Dirk Dier
- Country (sports): Germany
- Residence: Blieskastel, Germany
- Born: 16 February 1972 (age 54) Sankt Ingbert, West Germany
- Height: 1.85 m (6 ft 1 in)
- Turned pro: 1990
- Plays: Right-handed
- Prize money: $388,546

Singles
- Career record: 6–18
- Career titles: 0 5 Challenger, 0 Futures
- Highest ranking: No. 118 (22 April 1996)

Grand Slam singles results
- Australian Open: Q2 (1989, 1999)
- French Open: 1R (1996)
- Wimbledon: 1R (1990)
- US Open: 2R (1996)

Doubles
- Career record: 3–12
- Career titles: 0 6 Challenger, 0 Futures
- Highest ranking: No. 158 (17 April 2000)

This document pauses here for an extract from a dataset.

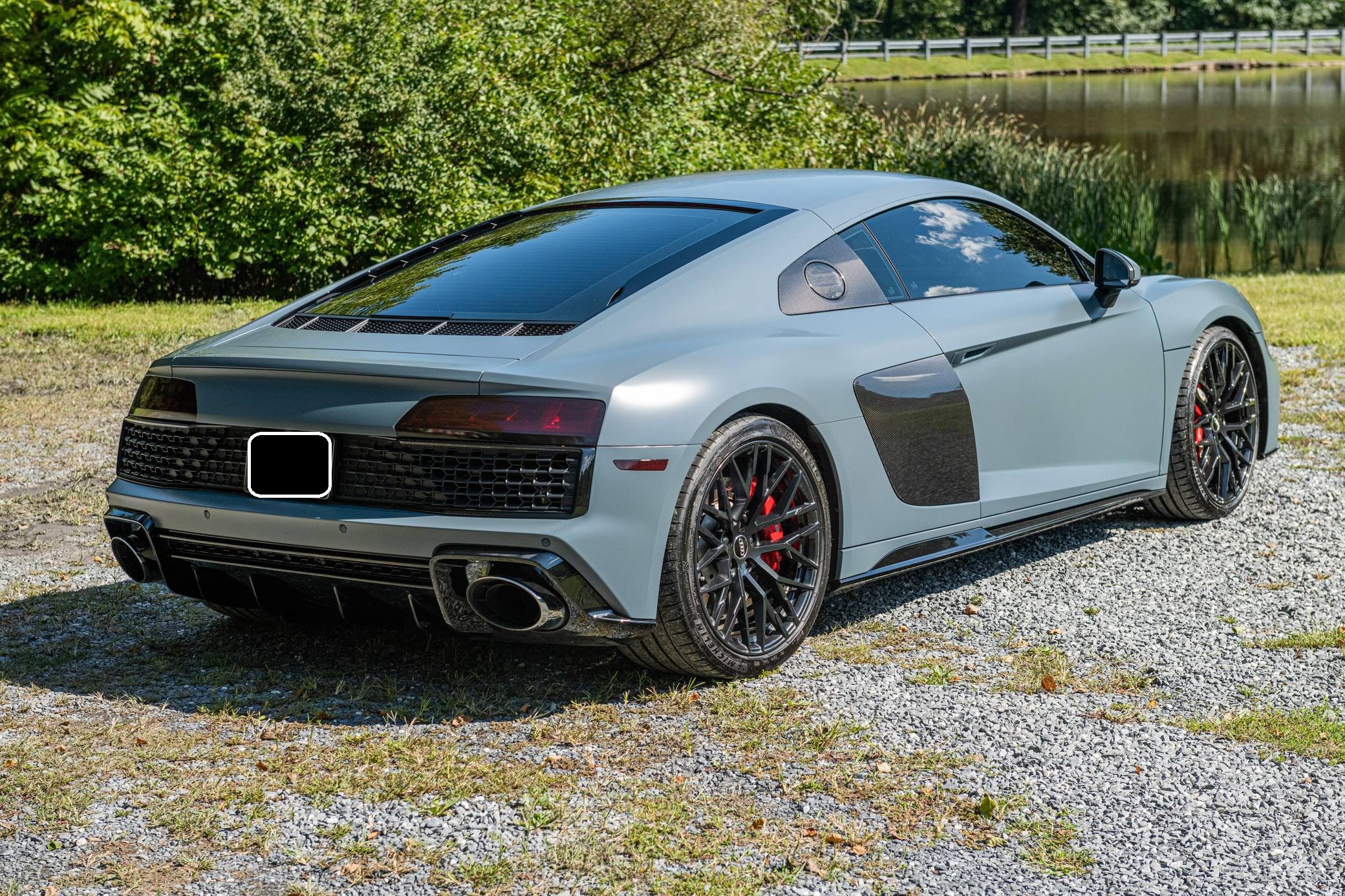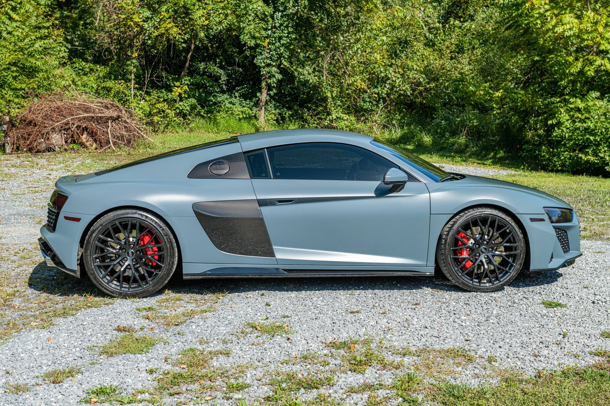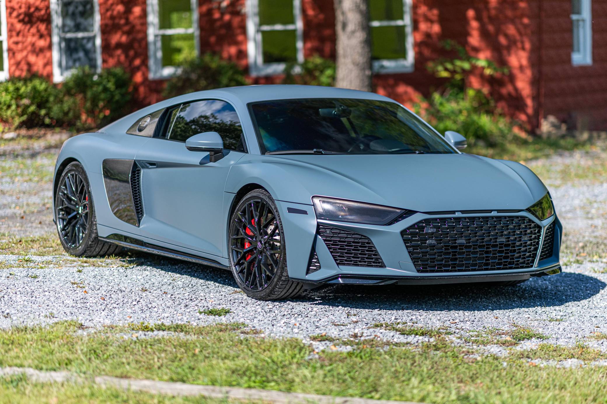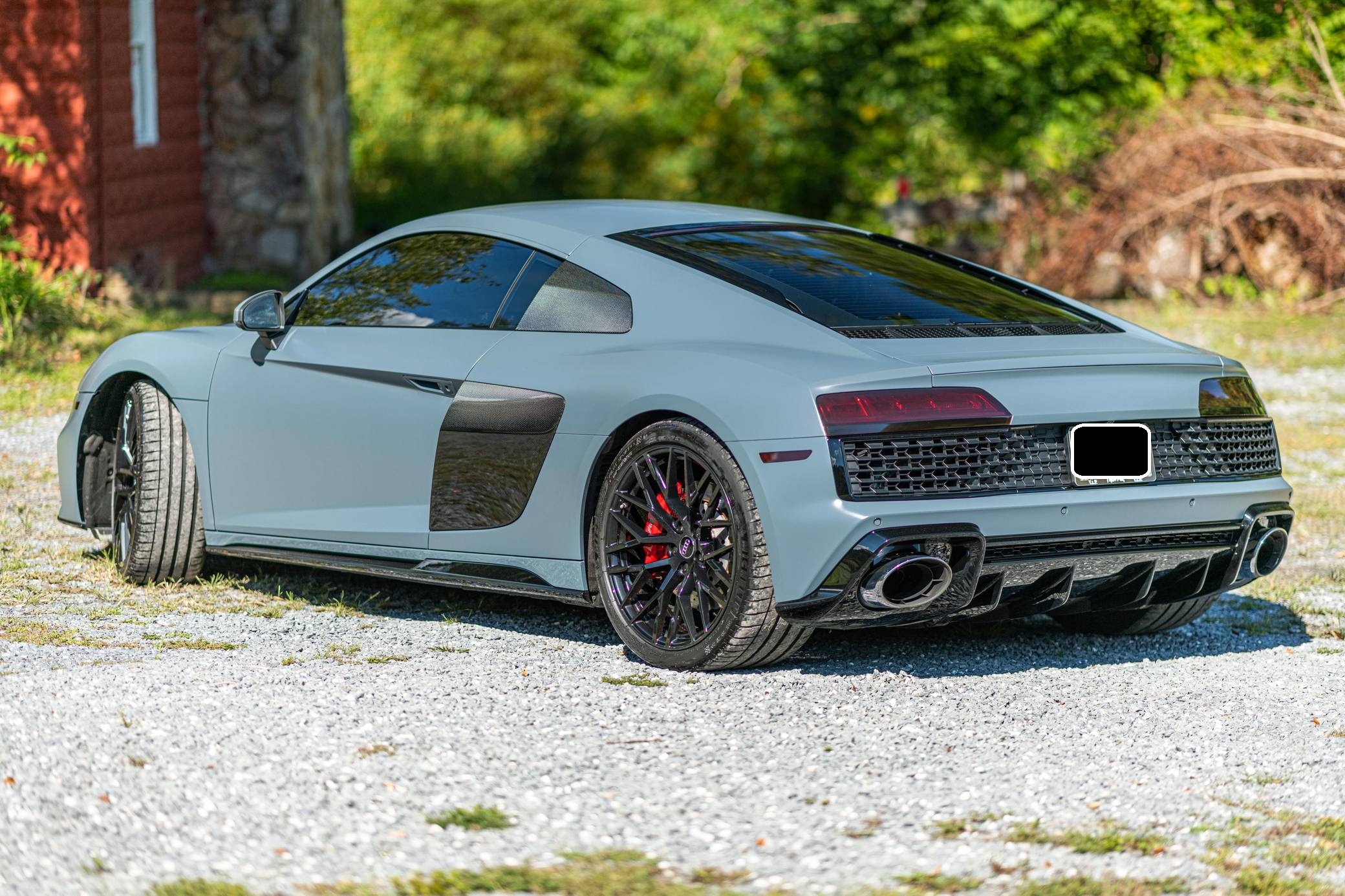 THIS. . . is a 2020 Audi R8 V10 Coupe, finished in Kemora Gray with a black interior. It also confirms that this is a one-owner car. Modifications reported by the seller include a VF Engineering supercharger kit, an RYFT titanium exhaust system, DYNOmatt matte finish paint protection film, and tinted windows. Introduced for 2017, the second-generation R8 received rave reviews from enthusiasts and journalists alike. It's powered by a naturally-aspirated, 5. 2-liter V10 that's closely related to the engine found in the Lamborghini Huracán, and it offers drivers a fun blend of mid-engined handling and all-wheel drive sure-footedness. 2020 brought a mid-cycle update that included styling revisions inspired by the racing version of the R8 and more power. Power for this R8 comes from a supercharged 5. 2-liter V10, rated at 562 horsepower and 406 lb-ft of torque when left stock and naturally-aspirated. Due to the supercharger kit installed on this R8, it likely produces more power, but a dyno sheet was not provided to confirm. It spins the four wheels via a 7-speed dual-clutch automatic transmission and Audi's permanent Quattro all-wheel drive system.
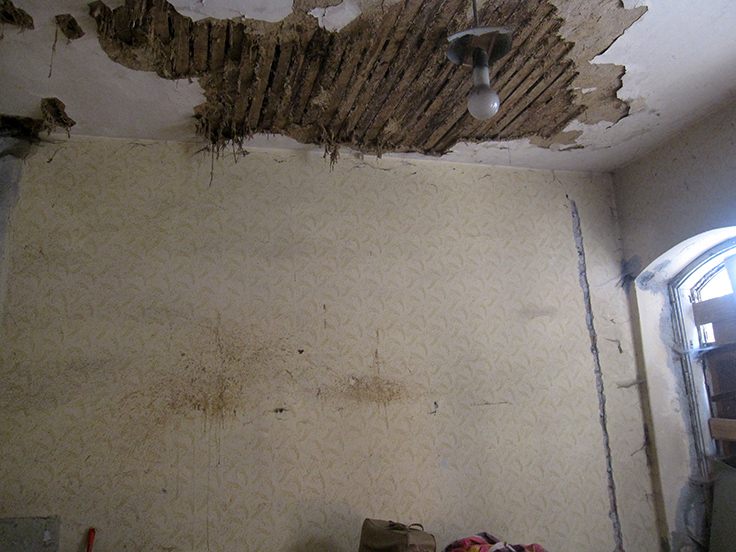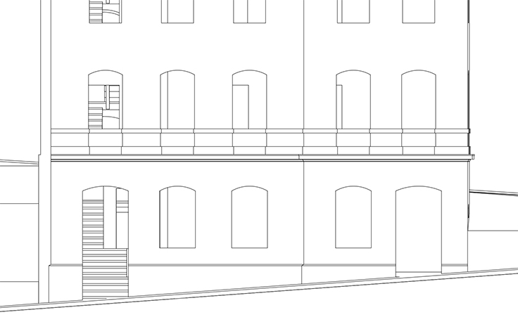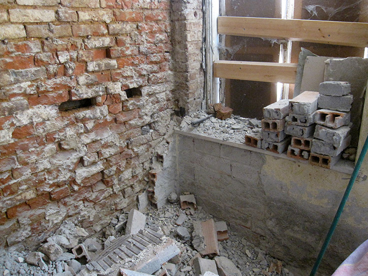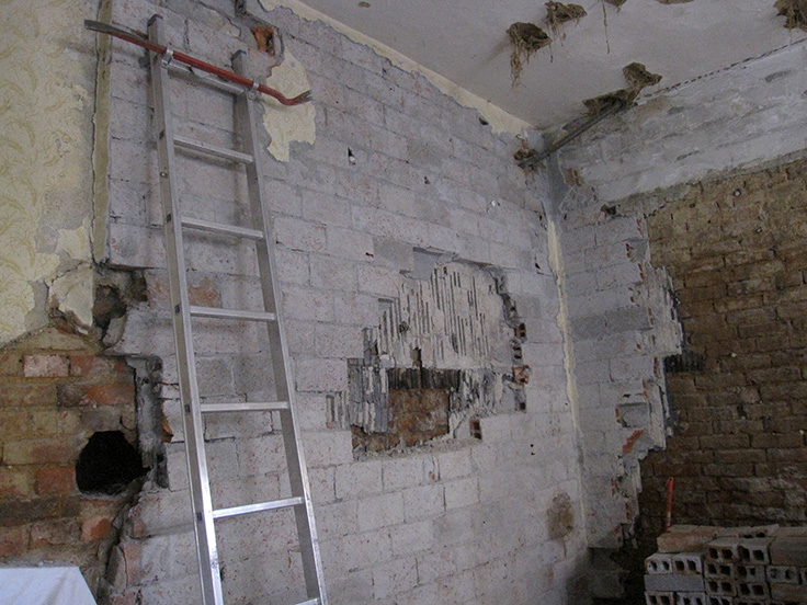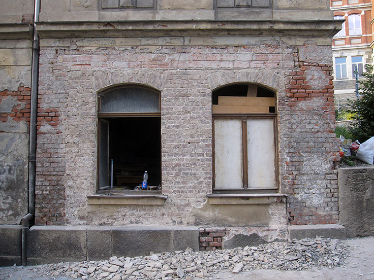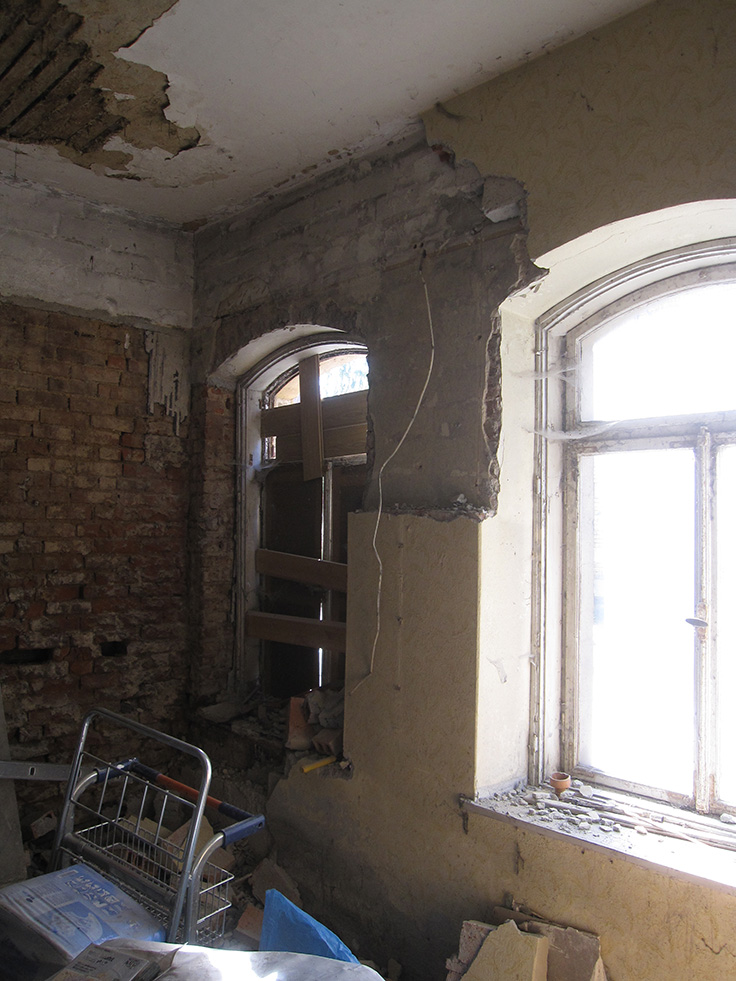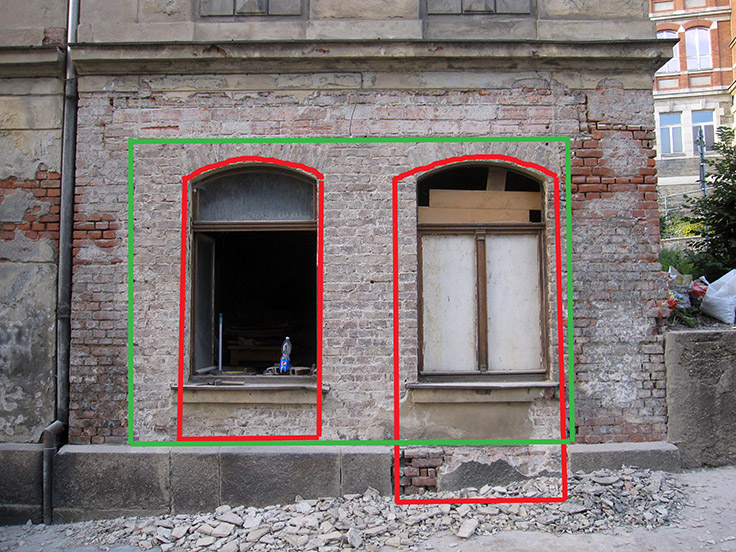 Auf dem Bild ist mit roten Linien der ursprüngliche Ladeneingang eingezeichnet. Die Tür war genauso breit wie die Haupteingangstür. Also 1,4 m breit. Somit hatte die Fassade eine Symmetrie. Rechts und links waren die Türen und dazwischen drei gleichgroße Fenster. Dann wurde ca. 1930 die Tür durch ein großes Schaufenster ersetzt. Es ist nicht ganz klar ob das neue Schaufenster eine Tür hatte. Die Umrisse sind mit grünen Linien eingezeichnet. Der Umbau ist sehr aufwendig. Mehrere Stahlträger wurden eingesetz. Das Schaufenster war 2,6 m hoch und 3,6 m breit. Nach Aussagen der Nachbarn gab es seit mindestens 1960-ger kein Laden drin

Grand Slam doubles results
- Wimbledon: Q1 (1990, 1993)

= Dirk Dier =

German tennis player (born 1972)

Dirk Dier (born 16 February 1972) is a former professional tennis player from Germany.

==Career==
Dier, an under 12s and 14s national champion, was a semi finalist in the Orange Bowl. In 1990, he defeated Leander Paes to win the boys' singles event in the Australian Open and also finished runner-up in the juniors at Queen's that year. He appeared in the main draw of a Grand Slam for the first time at the 1990 Wimbledon Championships, where he lost in the opening round to countryman Michael Stich.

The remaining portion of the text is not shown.